Many Americans are understandably confused, then, about what they can say and where they can say it. People should be able to put forward viewpoints, ask questions and make mistakes and take unpopular but good-faith positions on issues that society is still working through — all without fearing cancellation.
However you define cancel culture, Americans know it exists and feel its burden. In a new national poll commissioned by Times Opinion and Siena College, only 34% of Americans said they believed that all Americans enjoyed freedom of speech completely. The poll found that 84% of adults said it is a “very serious” or “somewhat serious” problem that some Americans do not speak freely in everyday situations because of fear of retaliation or harsh criticism.
This poll and other recent surveys from the Pew Research Center and the Knight Foundation reveal a crisis of confidence around one of America’s most basic values. Freedom of speech and expression is vital to human beings’ search for truth and knowledge about our world. A society that values freedom of speech can benefit from the full diversity of its people and their ideas. At the individual level, human beings cannot flourish without the confidence to take risks, pursue ideas and express thoughts that others might reject.
Most important, freedom of speech is the bedrock of democratic self-government. If people feel free to express their views in their communities, the democratic process can respond to and resolve competing ideas. Ideas that go unchallenged by opposing views risk becoming weak and brittle rather than being strengthened by tough scrutiny. When speech is stifled or when dissenters are shut out of public discourse, a society also loses its ability to resolve conflict, and it faces the risk of political violence.
The Times Opinion/Siena College poll found that 46% of respondents said they felt less free to talk about politics compared to a decade ago. Thirty percent said they felt the same. Only 21% of people reported feeling freer, even though in the past decade there was a vast expansion of voices in the public square through social media.
“There’s a crisis around the freedom of speech now because many people don’t understand it, they weren’t taught what it means and why it matters,” said Suzanne Nossel, the chief executive of PEN America, a free speech organization. “Safeguards for free speech have been essential to almost all social progress in the country, from the civil rights movement to women’s suffrage to the current fights over racial justice and the police.”

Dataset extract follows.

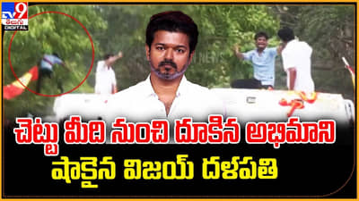 చెట్టు మీది నుంచి దూకిన అభిమాని.. షాకైన విజయ్ దళపతి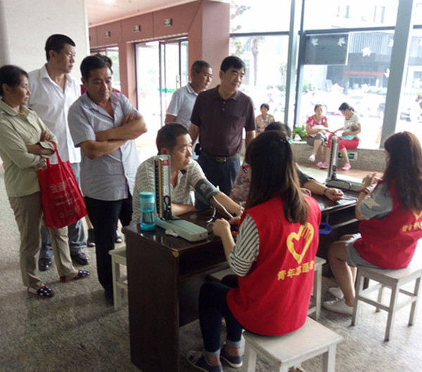 8月28日,志愿者们在医院门诊大厅为候诊的患者及家属提供义诊义检服务,测量血压,宣传并讲解健康小知识,消除患者对健康问题的疑虑。志愿者们高涨的热情、认真的态度,获得了患者家属及过往医护工作人员的赞许。

Times Opinion commissioned the poll to provide more data and insight that can inform a debate mired in extremes. This editorial board plans to identify a wide range of threats to freedom of speech in the coming months and to offer possible solutions. Freedom of speech requires not just a commitment to openness and tolerance in the abstract. It demands conscientiousness about both the power of speech and its potential harms. We believe it isn’t enough for Americans to just believe in the rights of others to speak freely; they should also find ways to actively support and protect those rights.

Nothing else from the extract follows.